* [LISTED ENTRIES]:

- - -

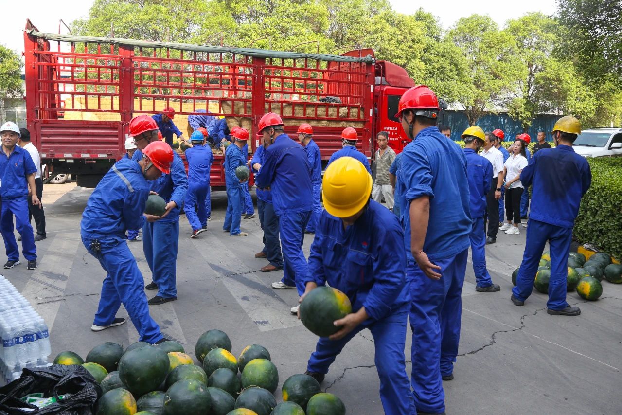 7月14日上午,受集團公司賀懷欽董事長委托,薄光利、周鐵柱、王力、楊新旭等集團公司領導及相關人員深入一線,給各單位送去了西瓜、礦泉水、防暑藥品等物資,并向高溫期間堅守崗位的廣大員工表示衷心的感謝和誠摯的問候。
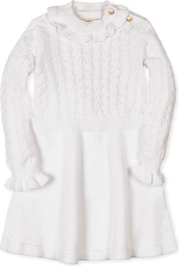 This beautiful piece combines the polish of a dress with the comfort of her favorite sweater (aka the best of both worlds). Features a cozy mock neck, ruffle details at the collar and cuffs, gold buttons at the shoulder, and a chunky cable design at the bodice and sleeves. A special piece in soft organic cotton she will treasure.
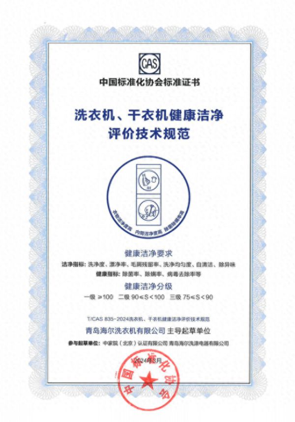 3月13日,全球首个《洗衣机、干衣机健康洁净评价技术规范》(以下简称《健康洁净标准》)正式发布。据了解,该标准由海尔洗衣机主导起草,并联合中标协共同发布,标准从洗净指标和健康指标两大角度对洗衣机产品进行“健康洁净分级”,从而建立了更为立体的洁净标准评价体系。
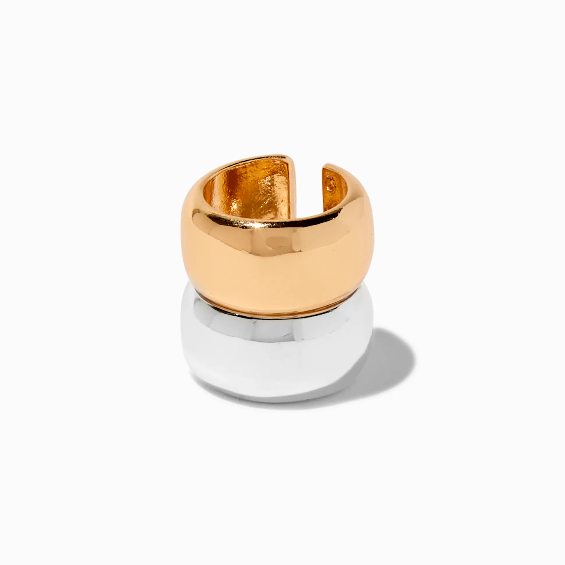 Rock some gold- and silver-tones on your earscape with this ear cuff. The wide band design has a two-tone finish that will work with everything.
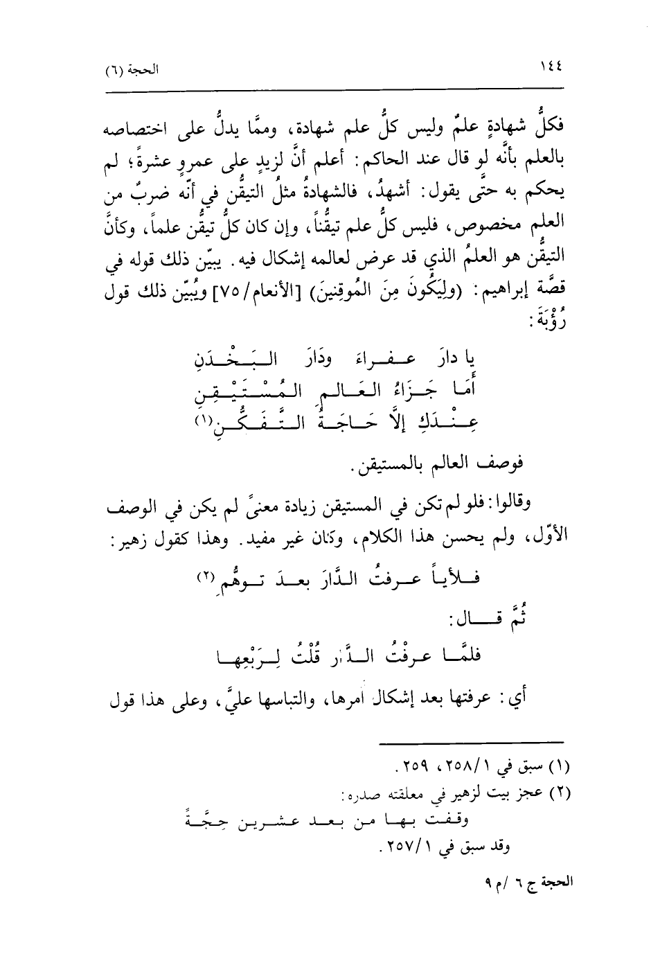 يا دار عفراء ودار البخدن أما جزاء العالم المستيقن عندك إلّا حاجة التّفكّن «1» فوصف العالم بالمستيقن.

- - -

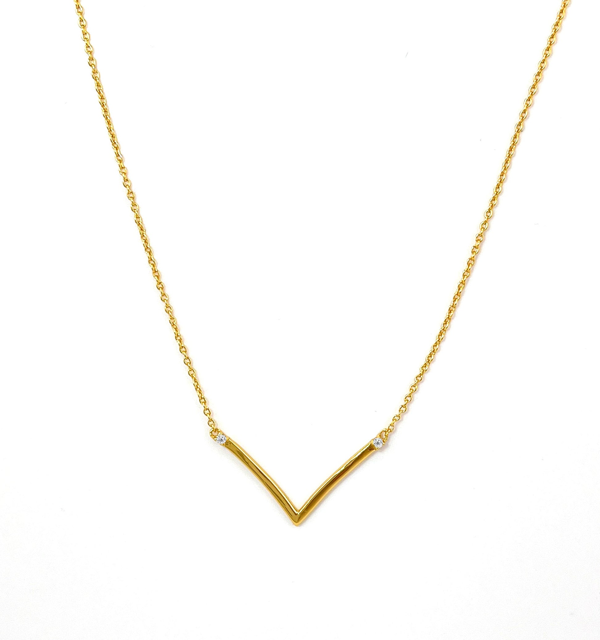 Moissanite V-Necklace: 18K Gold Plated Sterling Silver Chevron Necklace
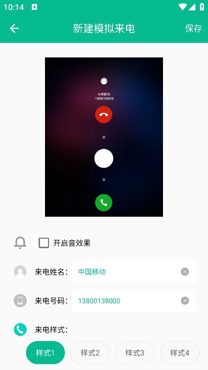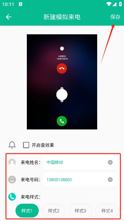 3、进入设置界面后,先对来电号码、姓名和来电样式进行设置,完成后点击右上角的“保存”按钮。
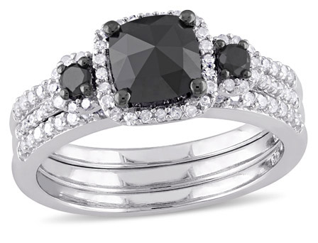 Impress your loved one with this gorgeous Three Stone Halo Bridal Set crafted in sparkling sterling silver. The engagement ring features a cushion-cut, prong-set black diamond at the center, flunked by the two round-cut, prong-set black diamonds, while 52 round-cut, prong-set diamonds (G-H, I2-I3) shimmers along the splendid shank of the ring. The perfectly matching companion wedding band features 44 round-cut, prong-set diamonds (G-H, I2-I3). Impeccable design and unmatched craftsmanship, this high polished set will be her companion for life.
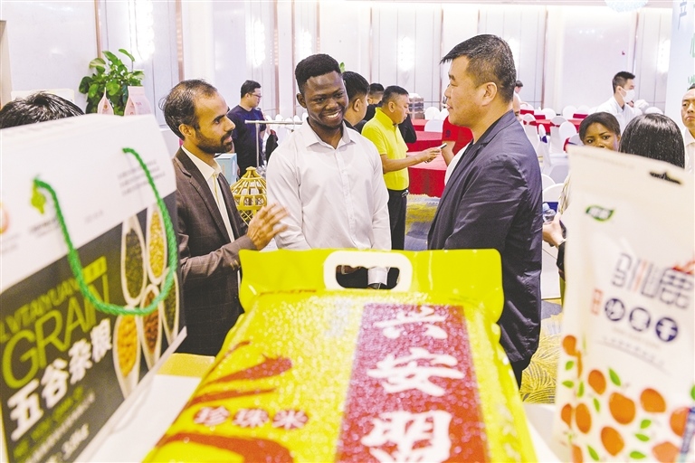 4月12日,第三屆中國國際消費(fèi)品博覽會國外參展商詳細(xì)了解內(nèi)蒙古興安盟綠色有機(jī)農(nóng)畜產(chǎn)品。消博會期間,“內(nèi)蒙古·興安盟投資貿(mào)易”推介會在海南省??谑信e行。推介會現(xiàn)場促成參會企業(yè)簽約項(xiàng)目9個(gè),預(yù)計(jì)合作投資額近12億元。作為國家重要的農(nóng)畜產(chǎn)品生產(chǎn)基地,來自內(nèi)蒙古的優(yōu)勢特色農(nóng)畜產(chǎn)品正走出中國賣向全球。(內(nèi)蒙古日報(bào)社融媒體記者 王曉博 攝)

- - -

* [WORK REQUEST]:
Using the listing above, reproduce word for word every line from the one containing "3月13日,全球首个《洗衣机" through the one containing "يا دار عفراء". Pictures must be left out.

* [REPLY]:
 3月13日,全球首个《洗衣机、干衣机健康洁净评价技术规范》(以下简称《健康洁净标准》)正式发布。据了解,该标准由海尔洗衣机主导起草,并联合中标协共同发布,标准从洗净指标和健康指标两大角度对洗衣机产品进行“健康洁净分级”,从而建立了更为立体的洁净标准评价体系。
 Rock some gold- and silver-tones on your earscape with this ear cuff. The wide band design has a two-tone finish that will work with everything.
 يا دار عفراء ودار البخدن أما جزاء العالم المستيقن عندك إلّا حاجة التّفكّن «1» فوصف العالم بالمستيقن.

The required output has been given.